Wednesday, October 29, 2008

So Dough Boy Fresh

Just Wanted To Point Something Out...

Go Hoosiers. Turn that bitch blue.

THE NBA IS HERE AGAIN! AWESOME! Right?

That's right, America's so-so sport is already in session for the 08-09 season. You might not have noticed, what with the football, the world series delays, and that whole historic election thing, so hopefully you remembered to draft your fantasy team before tip-off last night. Oh, you don't play fantasy basketball? Shocking. Anyways, with three games on the docket last night, we've already learned a few things:

1. Drew Gooden is Dr. Zoidberg for Halloween.

2. Derrick Rose ain't half bad. He almost had a double double, dishing out nine dimes and grabbing three steals in what was surely the most nerve-wracking game of his life.

3. Kirk Hinrich is still relevant.

4. LeBron still can't shoot for @#$%.

5. A contented KG is Boston's worst nightmare.

6. Joel Przybilla is still a fantasy enigma... wrapped in a doughy midriff... wrapped in bacon.
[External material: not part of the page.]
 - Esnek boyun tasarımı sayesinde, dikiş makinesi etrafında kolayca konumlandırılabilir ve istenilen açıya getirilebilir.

7. Greg Oden is merely a large sculpture of a basketball player made of glass, tissue paper, and Elmer's glue. He should at no time be moved, jostled, or breathed upon.

8. Kobe Bryant is still an @$$hole.

The NFL Abridged: Week 8

Colts 21 - Titans 31
WTF Colts?!?! The Blue Horse desperately needs LL Cool Sanders Back. Peyton and Mustache Ride finally looked like their old selves, but couldn't put up more than three scores against Head Stomper Haynesworth. The Horseshoes are now behind the Ravens, Bills, Jags, and even the Jets for playoff spot positioning.
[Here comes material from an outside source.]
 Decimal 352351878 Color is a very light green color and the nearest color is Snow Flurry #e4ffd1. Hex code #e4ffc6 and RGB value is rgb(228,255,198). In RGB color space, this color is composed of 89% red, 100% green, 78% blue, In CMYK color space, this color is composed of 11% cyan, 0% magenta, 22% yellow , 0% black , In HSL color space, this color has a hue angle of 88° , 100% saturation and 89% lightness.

Elsewhere around the league, the Bears were on bye, Dallas has a defense, The Boston Douchebags keep winning, and Ye Olde Saints - Chargers shootout in Jolly Olde England demolished my fantasy team with ridiculousness yet again.

Friday, October 24, 2008

The NFL Abridged: Week 7

Whoops. Guess I forgot to write about week seven. That's ok, there's only one thing you need to know. Kyle Jack Mother @#$%ing Daniels Orton.
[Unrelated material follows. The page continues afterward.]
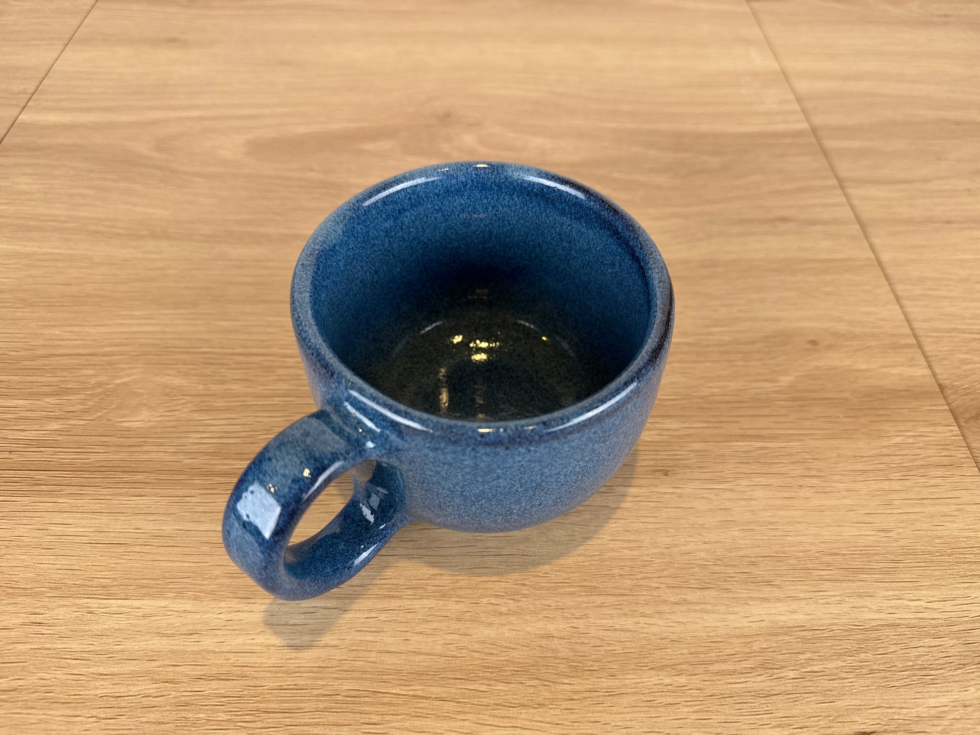 Wheel thrown coffee mug, glazed in dark blue over red clay.

Wednesday, October 15, 2008

The NFL Abridged: Week 6

Bears 20 - @#$%ing Falcons 22
Seriously?

Colts 31 - Barksdales 3
That's more like it.

Fins 28 - Texans 29
Lots of last minute robberies this week.

Lions 10 - Vikings 12
The Kitty Cats just can't catch a break. Maybe all those draft picks from Dallas will help. Ha!

Raiders 3 - Saints 34
Looks like this is the first year of the Bush administration. Shudder.

Bengals 14 - Favres 26
Not a good year for jungle cat themed teams. Well, the Panthers are pretty ok... Jaguars aren't bad... ok, never mind.

Panthers 3 - Bucs 27
Tampa Bay has a good run defense. Who knew?

Rams 19 - Skins 17
WTF happened here?

Jags 24 - Broncos 17
That dude with two last names sure can move the football.

Boys 24 - Cards 30
Nomo fo Romo.

Eagles 40 - Miners 26
The Eagles will be the best team to ever finish dead last in a division.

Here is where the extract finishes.